**What you have to do:**
In the records below, the relevant part opens with the line containing "that helps ensure" and closes with the line containing "Figure 3. The"; print that part exactly and only, without its pictures.

**Given entries:**
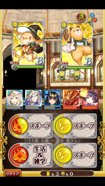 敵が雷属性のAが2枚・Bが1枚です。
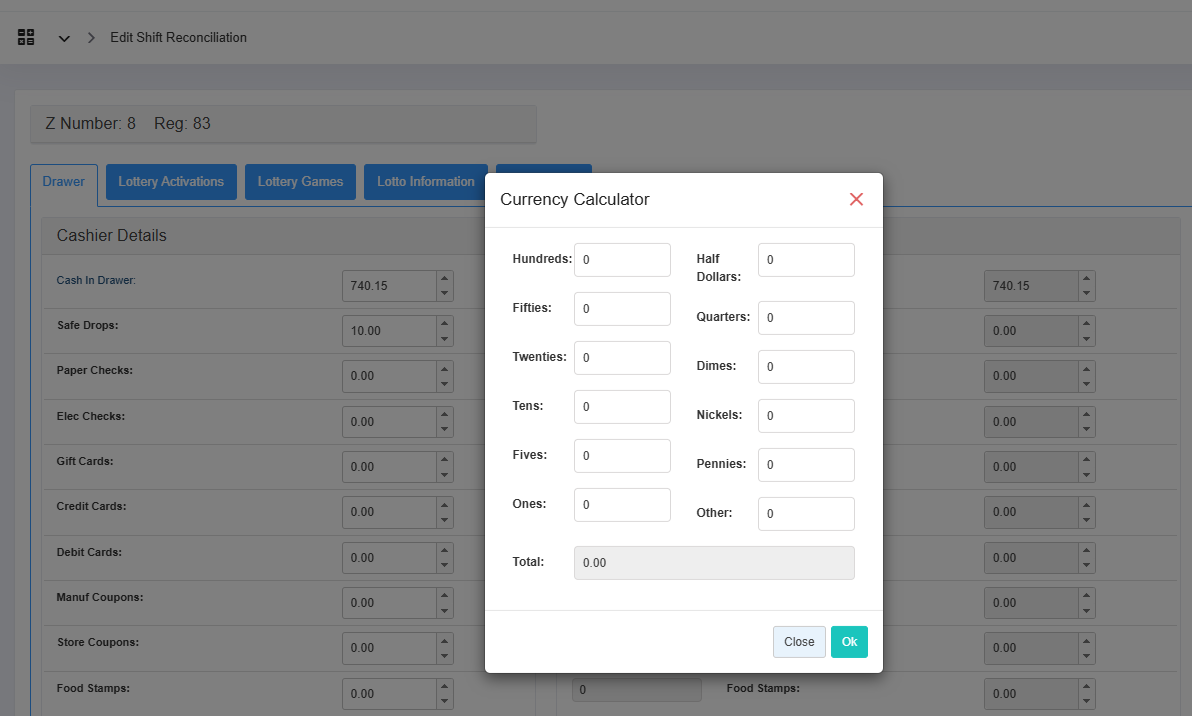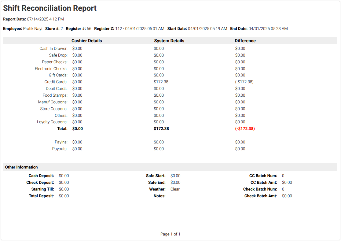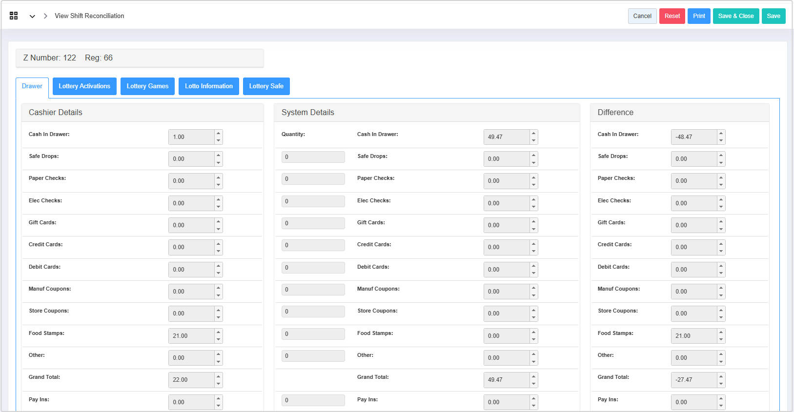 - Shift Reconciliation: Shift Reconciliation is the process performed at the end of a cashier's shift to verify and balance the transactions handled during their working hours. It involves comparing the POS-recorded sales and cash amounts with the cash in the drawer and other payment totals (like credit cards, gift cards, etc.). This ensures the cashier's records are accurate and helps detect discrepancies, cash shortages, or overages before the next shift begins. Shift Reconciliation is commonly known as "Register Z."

* * *

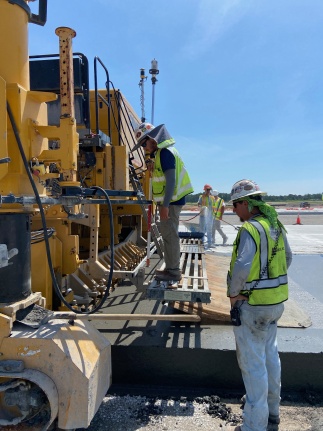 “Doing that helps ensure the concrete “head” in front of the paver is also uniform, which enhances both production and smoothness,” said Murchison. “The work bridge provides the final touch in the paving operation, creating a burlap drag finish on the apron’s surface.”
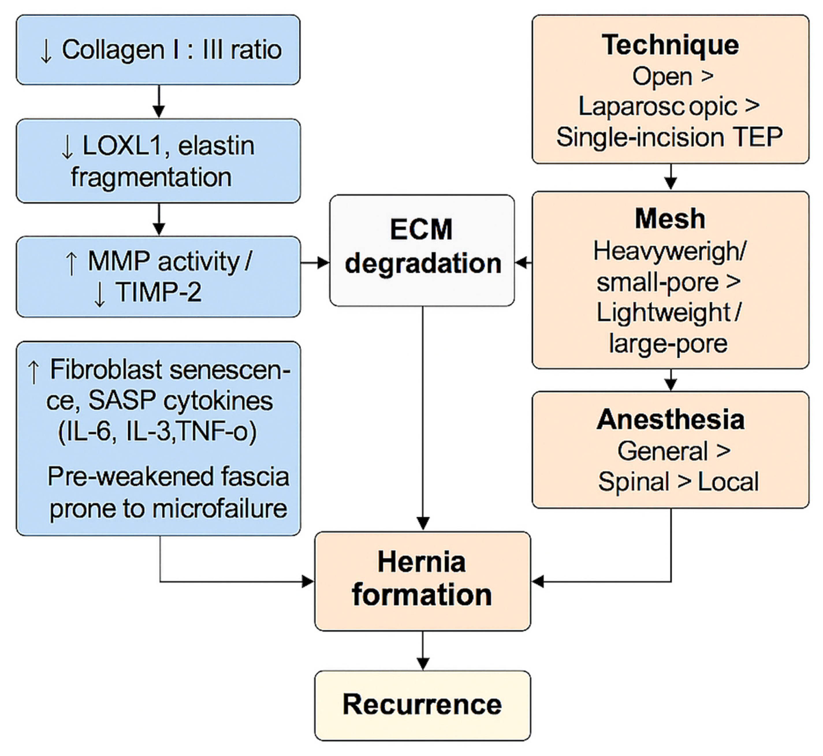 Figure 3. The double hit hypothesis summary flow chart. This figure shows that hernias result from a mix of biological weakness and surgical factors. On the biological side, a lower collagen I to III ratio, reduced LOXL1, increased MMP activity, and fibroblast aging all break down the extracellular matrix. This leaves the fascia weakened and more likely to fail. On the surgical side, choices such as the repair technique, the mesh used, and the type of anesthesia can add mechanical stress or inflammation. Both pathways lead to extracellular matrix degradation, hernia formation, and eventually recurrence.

**Result:**
 “Doing that helps ensure the concrete “head” in front of the paver is also uniform, which enhances both production and smoothness,” said Murchison. “The work bridge provides the final touch in the paving operation, creating a burlap drag finish on the apron’s surface.”
 Figure 3. The double hit hypothesis summary flow chart. This figure shows that hernias result from a mix of biological weakness and surgical factors. On the biological side, a lower collagen I to III ratio, reduced LOXL1, increased MMP activity, and fibroblast aging all break down the extracellular matrix. This leaves the fascia weakened and more likely to fail. On the surgical side, choices such as the repair technique, the mesh used, and the type of anesthesia can add mechanical stress or inflammation. Both pathways lead to extracellular matrix degradation, hernia formation, and eventually recurrence.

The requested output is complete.